Type up your answers. Give proper credit to those you work with and/or the text(s).

Solve the following problems. Show all of your work, but keep your answers concise. Highlight your (final) answer to distinguish it from your other numbers and text. Include a copy of your input (e.g. do file) or output (e.g. log file), when it is an appropriate way to show your work. However, do not include unnecessary output (i.e. no data dumps), and format any output so that it is easily readable. An appropriate time to include output is when you put your results in a table--if your results are wrong, then the grader has no idea how you came to your conclusions (i.e. give partial credit) unless you provide some output. Explanation includes statistical and substantive explanation (explain so that a statistical layperson can understand it, and so that a statistical analyst will see your erudition).

  1. {50} [from Box-Steffensmeier 1996 via Jones 2008] Does a war chest deter (or delay) a challenger from entering? Data on this question from the U.S. House elections in 1990 are found here. te denotes the ending time of a reporting period or the time of a "high quality" challenger enters a House race against an incumbent. (There can be multiple observations per incumbent: caseid denotes an incumbent identifcation code.) The scale of time is in weeks. The minimum is 1, denoting 1 week; the maximum is 90, denoting 90 weeks.
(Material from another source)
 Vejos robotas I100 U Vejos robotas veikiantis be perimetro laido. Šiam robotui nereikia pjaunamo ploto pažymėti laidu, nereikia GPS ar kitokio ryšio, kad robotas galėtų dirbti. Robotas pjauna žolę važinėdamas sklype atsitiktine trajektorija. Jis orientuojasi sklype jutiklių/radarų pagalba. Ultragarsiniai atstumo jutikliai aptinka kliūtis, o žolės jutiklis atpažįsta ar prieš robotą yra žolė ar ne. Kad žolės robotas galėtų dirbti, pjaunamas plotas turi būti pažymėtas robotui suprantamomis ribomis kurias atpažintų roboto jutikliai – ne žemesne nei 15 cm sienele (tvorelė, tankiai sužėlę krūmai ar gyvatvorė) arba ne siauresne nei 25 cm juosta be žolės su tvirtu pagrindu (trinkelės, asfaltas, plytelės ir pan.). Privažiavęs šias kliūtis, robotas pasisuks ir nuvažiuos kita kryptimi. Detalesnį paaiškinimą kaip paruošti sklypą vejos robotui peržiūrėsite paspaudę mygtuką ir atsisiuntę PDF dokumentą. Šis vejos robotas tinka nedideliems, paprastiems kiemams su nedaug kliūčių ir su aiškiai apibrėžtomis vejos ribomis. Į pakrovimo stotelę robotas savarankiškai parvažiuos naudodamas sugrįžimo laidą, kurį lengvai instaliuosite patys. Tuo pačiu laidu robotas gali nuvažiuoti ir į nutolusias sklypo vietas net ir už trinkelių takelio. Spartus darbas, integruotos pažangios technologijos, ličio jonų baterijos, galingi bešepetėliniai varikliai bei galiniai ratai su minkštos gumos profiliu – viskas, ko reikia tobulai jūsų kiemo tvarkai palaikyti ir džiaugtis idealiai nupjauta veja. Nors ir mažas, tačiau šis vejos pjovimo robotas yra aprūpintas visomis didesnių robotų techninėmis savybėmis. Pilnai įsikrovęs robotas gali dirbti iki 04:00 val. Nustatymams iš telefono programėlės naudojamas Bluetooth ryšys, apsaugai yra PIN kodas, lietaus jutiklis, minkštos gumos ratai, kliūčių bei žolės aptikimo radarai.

If cut_hi = 1, it indicates that a high quality challenger entered at te. iv denotes the prior vote the incumbent received (scaled between 0 and 1; the minimum value is .5 (denoting 50 percent) and the maximum value is 1 (denoting 100 percent)). ec denotes the incumbent's warchest, that is, the amount of money the incumbent has in reserve to use at his or her discretion (scaled in millions of dollars). The minimum value is .00069, which corresponds to $690; the maximum value is 1.688, which corresponds to $1,688,000. south is a dummy variable denoting whether or not the incumbent is in a Southern state (1 denotes South, 0 denotes non-South). dem is a dummy variable denoting whether or not the incumbent is a Democrat (0 = Republican).
    a. How many cases are right-censored? What does right-censoring mean in the context of this research problem?
    b. Which covariates vary over time? Do they have any problems with reverse causality (i.e. rate dependence)?
    c. Run a Cox model using the covariates provided. Interpret the results. Create a graph of the (smoothed) hazard function and interpret it.
    d. Run a linktest. This specifies whether there is a specification error, including the proportional hazards assumption. (If the coefficient on _hatsq is statistically different than 0, then it indicates there is a problem.) What do you conclude?
    e. Test the proportion hazards assumption by: In each case, what do you conclude?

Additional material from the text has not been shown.